Corría el año 1997 y las huestes literarias seguían asediando Troya llevadas por sus afanes de gloria, reconocimiento y condumio. En alguna mansión de Buenos Aires se junta un consejo de guerreros reclamados por su pericia, saberes y buen juicio a fin de determinar quien de entre los escritores que batallan enredando historias y enhebrando […]
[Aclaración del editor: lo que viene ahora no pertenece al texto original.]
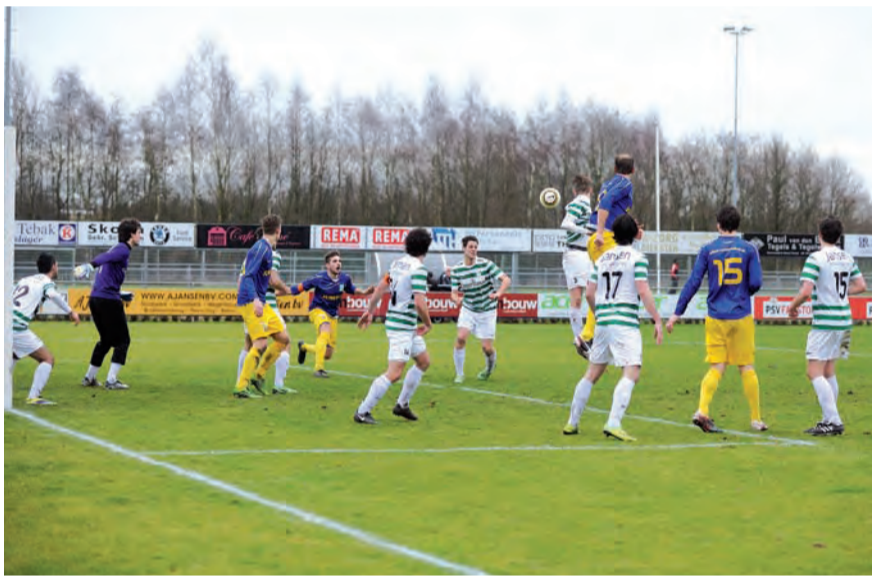
Alle hens aan dek in het Nueneense strafschoopgebied.

Volgende week komt SV Deurne op bezoek. In de heen wedstrijd boekte RKSV Nueneen daar de eerste zege van het seizoen. Met de zondag getoonde werklust moet het mogelijk zijn om de eerste overwinning in 2014 te boeken.
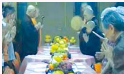
◀香港部分道場每年都會舉行中秋普茶活動，圖為香港觀宗寺的中秋普茶情況。

較為莊嚴而輕鬆。普茶一般安排在晚上7點開始，當大眾聽到鐘聲後，隨即穿衣搭袍，三三兩兩的來到齋堂，恭候方丈大駕。齋堂佈置方面，僧人會在監齋菩薩前，點燃兩根大蠟燭，而齋堂的條桌上，則放滿了水果、花生、瓜子、糖果等應節果品，每位僧人面前還會放著一個茶杯。方丈來到齋堂後，先唱爐香讚，再拈香、禮佛、升座，便坐下來開始給大家開示。這時巡堂會拿著茶壺，依次給大眾倒茶。在柔和的燭光下，在嫋嫋的香煙裏，在方丈和藹的話音中，大家靜靜地品茶、聽道。氣氛熱鬧中帶著祥和、溫煦。
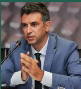
Δημήτρης Σκάλκος Γενικός Γραμματέας Δημοσίων Επενδύσεων και ΕΣΠΑ Υπουργείο Ανάπτυξης και Επενδύσεων
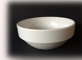
Dessertschale Ø 150 mm 0.3l/H34mm 41 722 0090
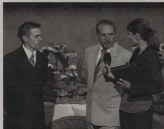
TVP Gdańsk gości w Kwidzynie najwyżej raz do roku, podczas nagrywania wakacyjnego programu plenerowego z różnych miast Pomorza. Tak było także podczas tegorocznego lata.
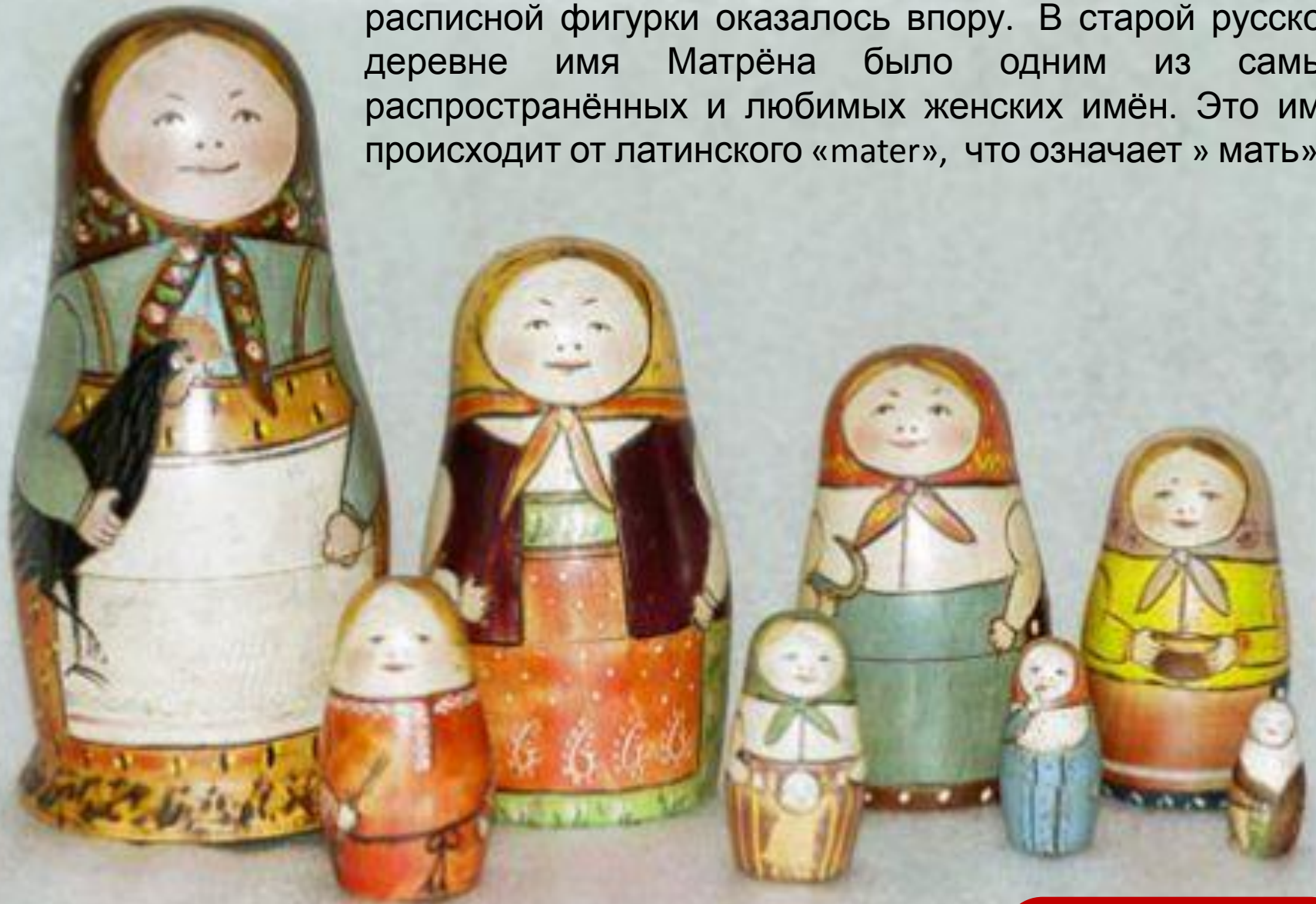
Первая русская матрешка

Название «матрёшка» для деревянной разъемной расписной фигурки оказалось впору. В старой русской деревне имя Матрёна было одним из самых распространённых и любимых женских имён. Это имя происходит от латинского «mater», что означает » мать».
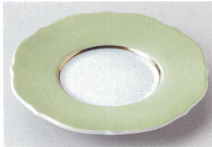
112-3-11B 2,700円 ヒワリム7.0皿 60入 21.5×2.3cm
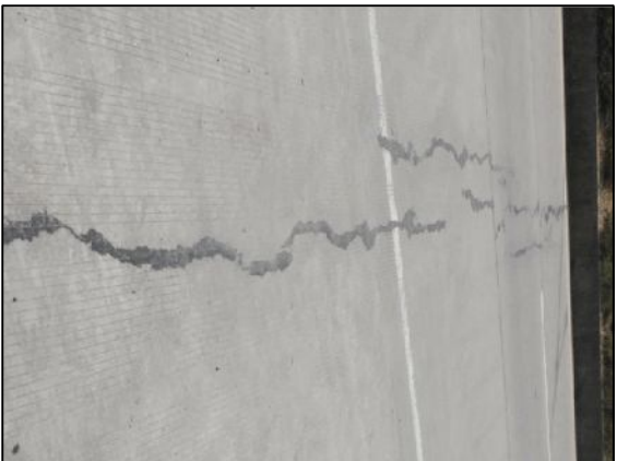
桥面连续位置开裂
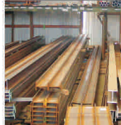
Autoritățile antitrust din Rusia deschid ancheta la "Evraz" și "Raspudskaya"
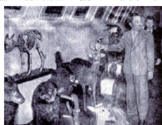
昭和天皇行幸時の写真：剥製は県博で収蔵
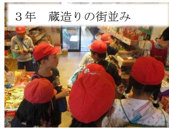
3年 蔵造りの街並み
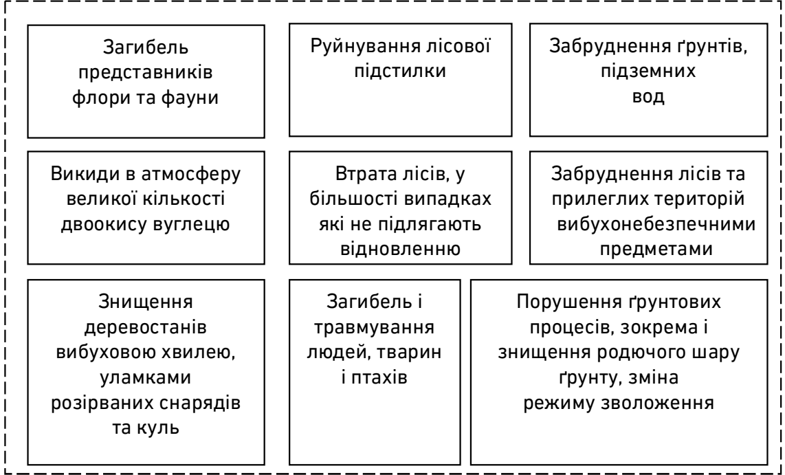
Рис. 2. Проблеми і наслідки, які виникли через запроваджений воєнний стан, для суб'єктів лісового господарства і власне лісів
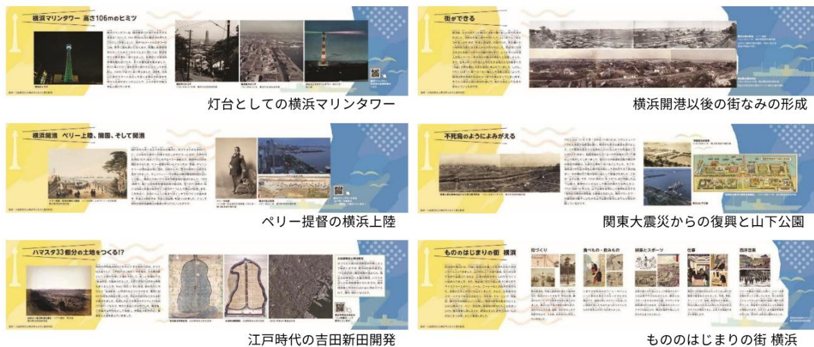
灯台としての横浜マリンタワー

灯台としてのマリンタワーやペリー提督の横浜上陸、関東大震災から復興で作られた山下公園の歴史などを紹介しています
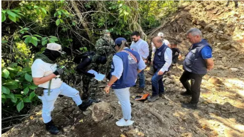
Conflicto en Santander por incursión de grupo armado ilegal Conquistadores de la Sierra Nevada
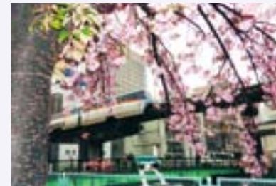
泥谷隆史さんの作品 「春たけなわ」
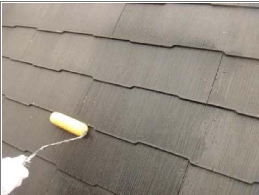
屋根バリアー施工中
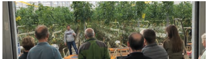
Optimisation de l'énergie à l'Unité de Valorisation Énergétique d'Egletons (action prioritaire n°3)
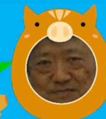
大い(のし)し学会長

大い(のし)し学会長、ありがとうございました。 学会、楽しみですねっ！！今回の会報は号外というこ とで会長新年のごあいさつと皆様ご苦労されているであ ろう法改正の内容で急遽の発行でしたねっ！！
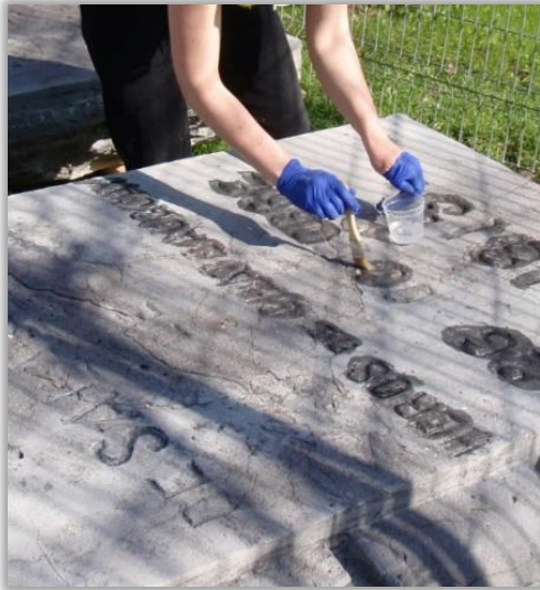
Restauration du monument Salaberry (statue et socle), Louis-Philippe Hébert, 1881.
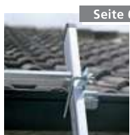
Dachrinnenhalter Nr. 4990001
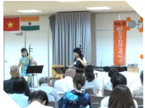
ニコミー♪による「二胡の演奏」
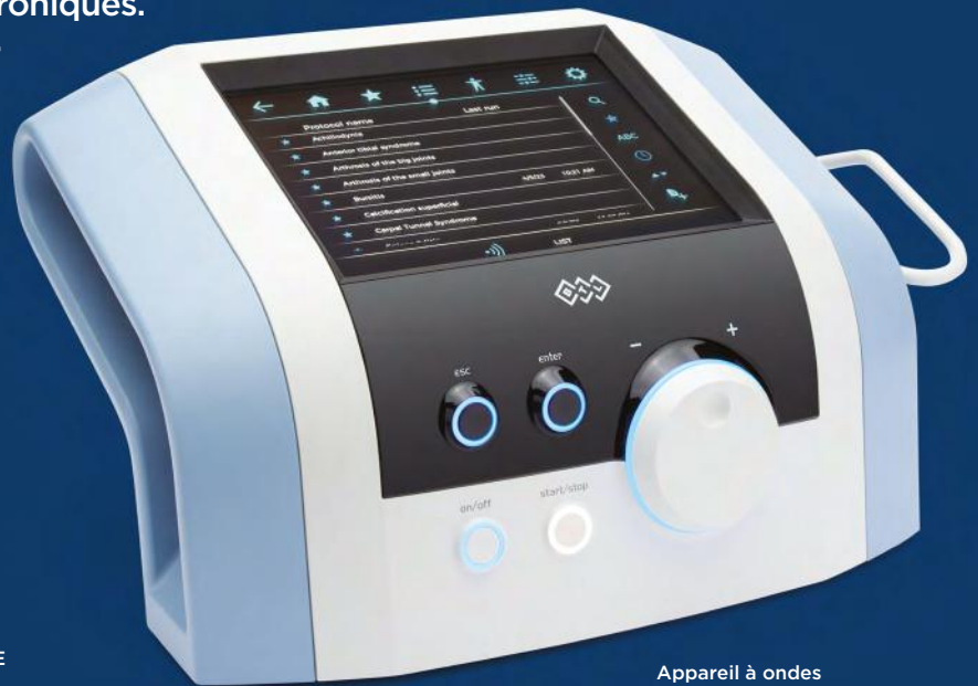
BTL-RSWT-ELITE Appareil à ondes de choc BTL-6000 ÉLITE

Corría el año 1997 y las huestes literarias seguían asediando Troya llevadas por sus afanes de gloria, reconocimiento y condumio. En alguna mansión de Buenos Aires se junta un consejo de guerreros reclamados por su pericia, saberes y buen juicio a fin de determinar quien de entre los escritores que batallan enredando historias y enhebrando palabras debe ser distinguido con el premio que el planeta de las novelas otorga anualmente. Hace ya épocas que las justas literarias se fraguan en cenáculo secreto y nada se sabe de lo que allí examinaron, conversaron, midieron y pesaron los nominados miembros de aquel jurado cuyos nombres constan e injusto sería que cayeran en el olvido: Mario Benedetti, María Esther De Miguel, Tomás Eloy Martínez, Augusto Roa Bastos, Guillermo Schavelzon. A su tiempo evacuaron su veredicto y proclamaron ganador del Premio Planeta de Argentina a Don Ricardo Piglia por los merecimientos literarios de su obra Plata quemada. Y vinieron los correspondientes ágapes, celebraciones, publicidades, ruedas de prensa, grandes tiradas. Más he aquí que estalla la cólera y entra en dura batalla el escritor Gustavo Nielsen, prometedor entre los prometedores nuevos escritores argentinos, a quien Atenea, la diosa de los intereses creados, no logra aplacar con los argumentos habituales: pero si ya se sabe, si los premios son una cuestión de marketing y poco tienen que ver con la literatura, al fin y al cabo es su dinero y una editorial privada puede hacer con ellos lo que le venga en gana, los tiempos heroicos ya han pasado, los escritores tienen que ganarse la vida, a todos nos beneficia porque los premios crean lectores y nunca se sabe si algún día las sirenas no cantan en tu oído, vas a parecer un ingenuo o un envidioso. Pero Nielsen, el de la dura batalla, no se deja llevar por las nieblas y lejos de encerrarse en su tienda se niega a que Briseida yazca con engaños en el lecho de Piglia, el de la plata quemada. Reclama justicia y, a falta de dioses, se encamina hasta los jueces; tiene pruebas, sabe que ese libro ya estaba previamente contratado por la editorial privada que, como sus semejantes, al premiar la obra ajena premia su propia alma (el escocés Adam Smith descubrió hacia 1776 que el alma de las empresas reside en su cuenta de resultados).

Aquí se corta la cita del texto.